What the task asks ▸ For the data below, retype word for word the lines from the one containing "在南岸区上门为居民分发核酸自测试剂。" through the one containing "The Thomas Sabo"; drop the pictures.

Information ▸
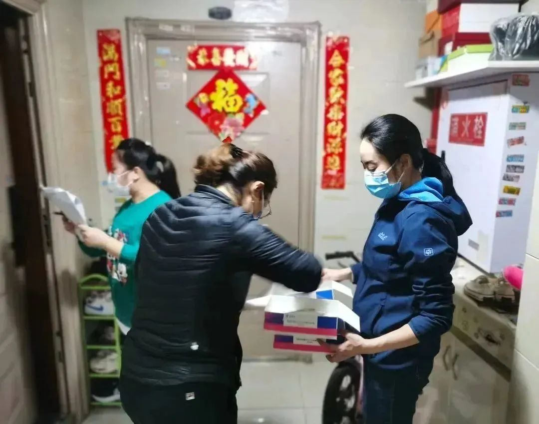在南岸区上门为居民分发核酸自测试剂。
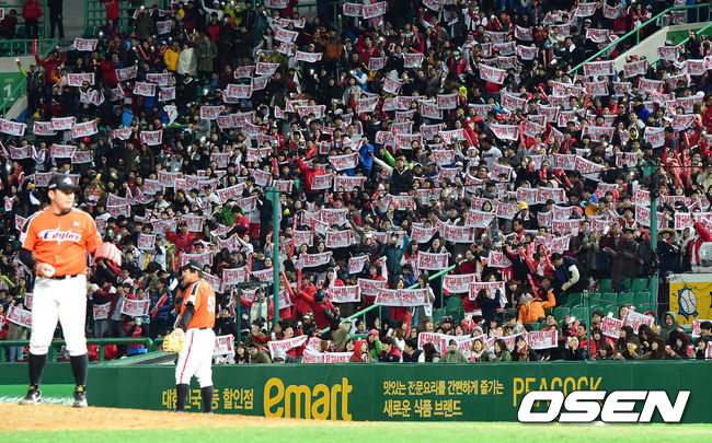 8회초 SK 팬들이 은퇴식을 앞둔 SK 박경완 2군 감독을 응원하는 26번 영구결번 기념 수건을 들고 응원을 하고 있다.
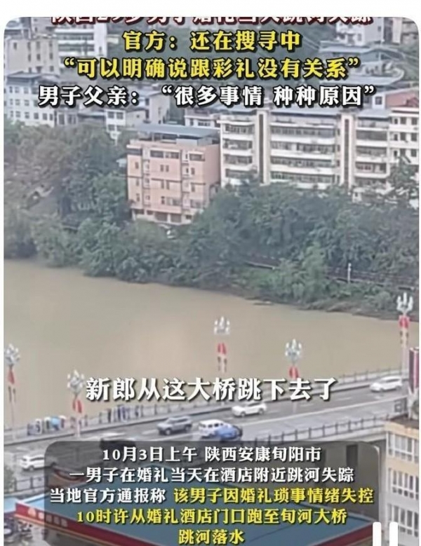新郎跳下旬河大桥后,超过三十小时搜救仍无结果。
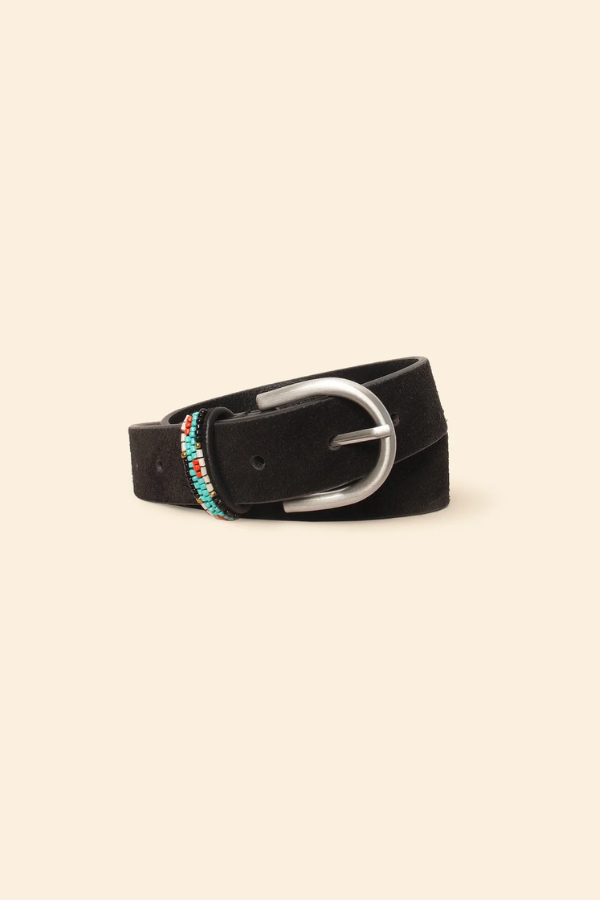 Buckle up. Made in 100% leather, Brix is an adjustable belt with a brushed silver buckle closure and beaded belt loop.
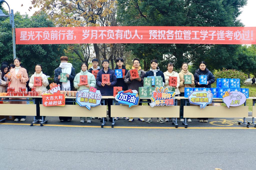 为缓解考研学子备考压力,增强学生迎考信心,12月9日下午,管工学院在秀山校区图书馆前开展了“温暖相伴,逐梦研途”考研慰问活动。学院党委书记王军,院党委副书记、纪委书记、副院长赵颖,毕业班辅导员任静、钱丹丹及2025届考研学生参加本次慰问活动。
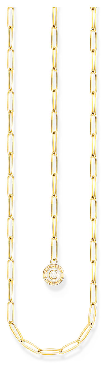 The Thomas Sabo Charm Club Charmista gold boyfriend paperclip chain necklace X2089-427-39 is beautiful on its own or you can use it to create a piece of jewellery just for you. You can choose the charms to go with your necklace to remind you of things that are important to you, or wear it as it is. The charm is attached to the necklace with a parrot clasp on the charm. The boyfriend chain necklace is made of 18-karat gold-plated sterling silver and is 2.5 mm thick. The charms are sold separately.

---

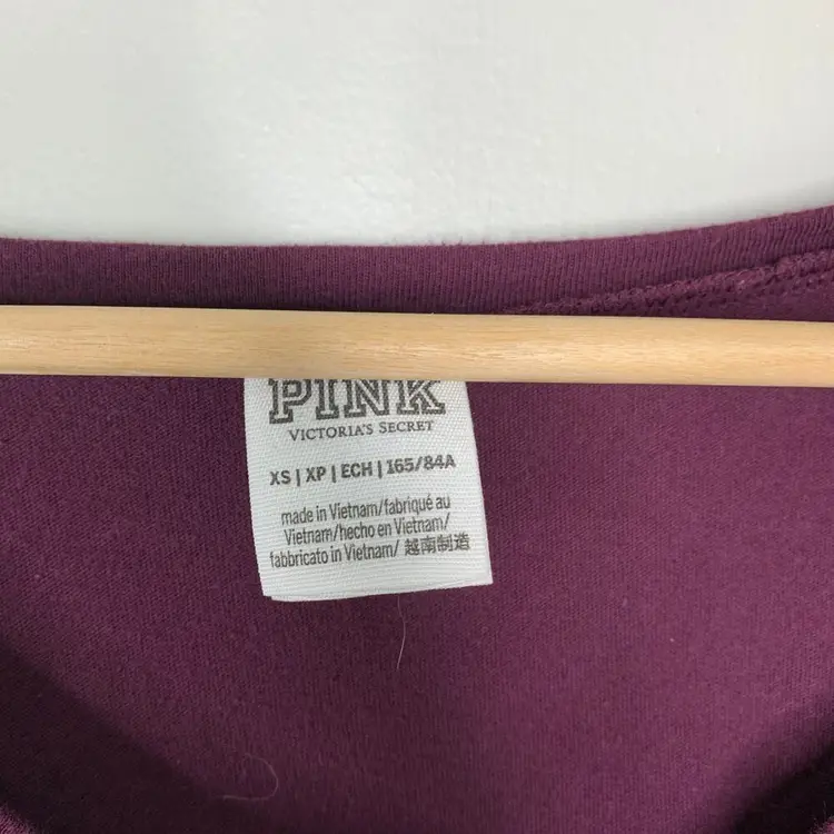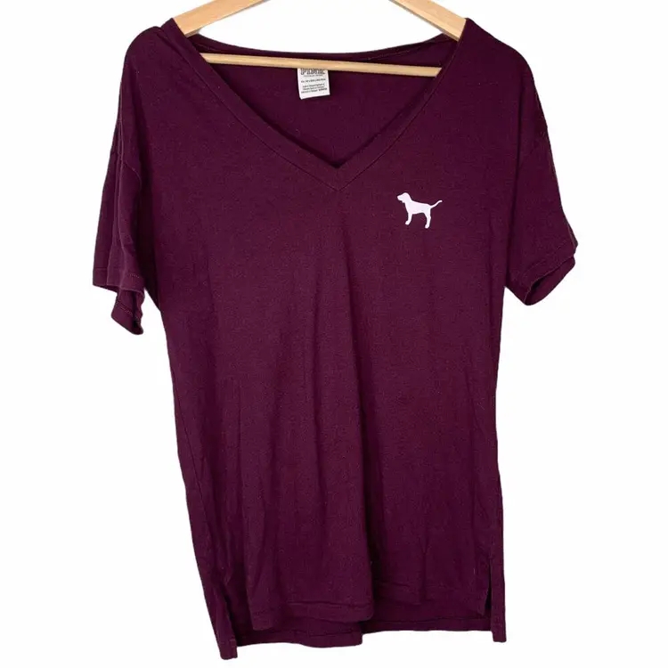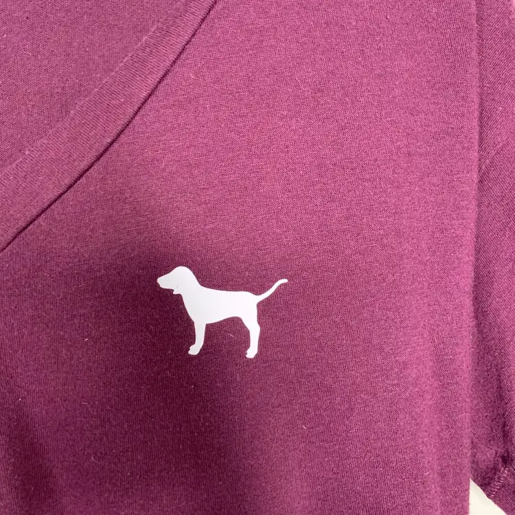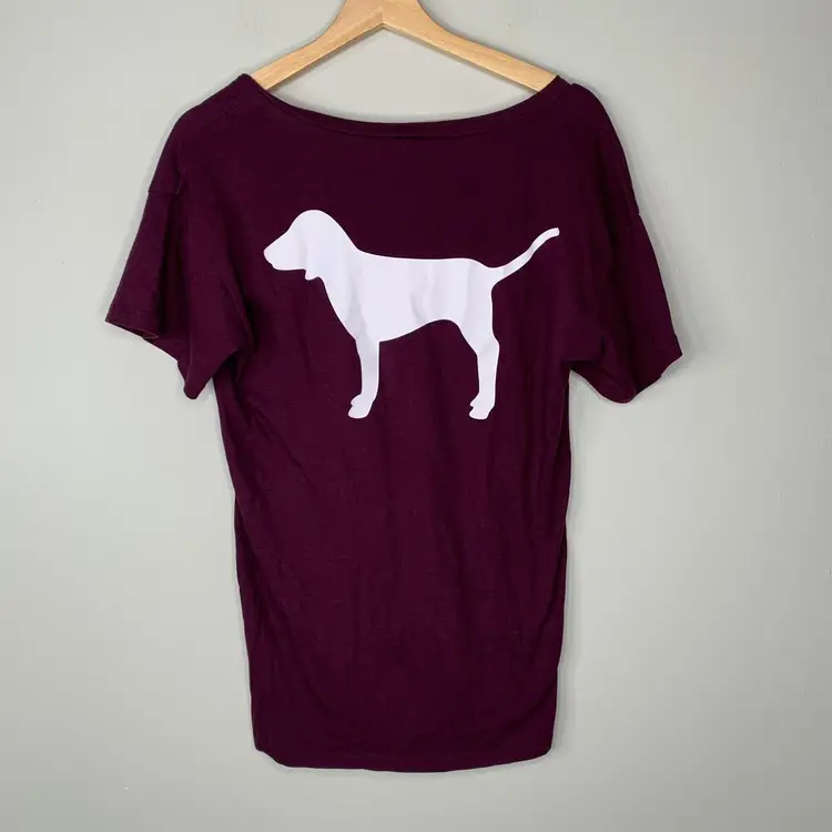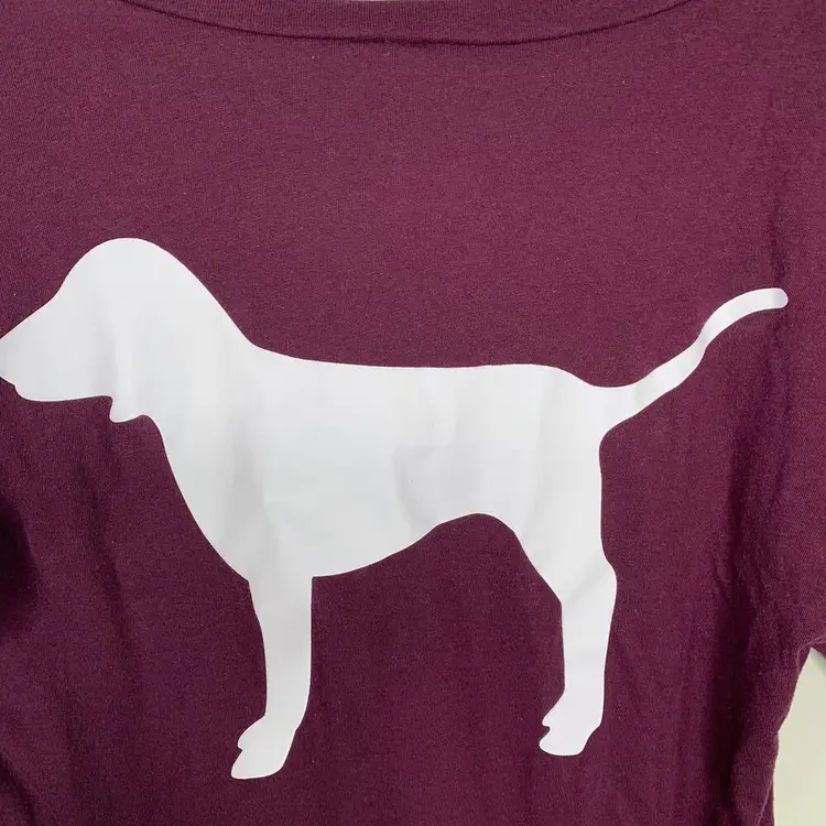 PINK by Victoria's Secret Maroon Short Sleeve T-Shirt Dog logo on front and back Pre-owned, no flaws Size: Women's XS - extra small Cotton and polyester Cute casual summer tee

Solution for this task ▸
在南岸区上门为居民分发核酸自测试剂。
 8회초 SK 팬들이 은퇴식을 앞둔 SK 박경완 2군 감독을 응원하는 26번 영구결번 기념 수건을 들고 응원을 하고 있다.
新郎跳下旬河大桥后,超过三十小时搜救仍无结果。
 Buckle up. Made in 100% leather, Brix is an adjustable belt with a brushed silver buckle closure and beaded belt loop.
 为缓解考研学子备考压力,增强学生迎考信心,12月9日下午,管工学院在秀山校区图书馆前开展了“温暖相伴,逐梦研途”考研慰问活动。学院党委书记王军,院党委副书记、纪委书记、副院长赵颖,毕业班辅导员任静、钱丹丹及2025届考研学生参加本次慰问活动。
 The Thomas Sabo Charm Club Charmista gold boyfriend paperclip chain necklace X2089-427-39 is beautiful on its own or you can use it to create a piece of jewellery just for you. You can choose the charms to go with your necklace to remind you of things that are important to you, or wear it as it is. The charm is attached to the necklace with a parrot clasp on the charm. The boyfriend chain necklace is made of 18-karat gold-plated sterling silver and is 2.5 mm thick. The charms are sold separately.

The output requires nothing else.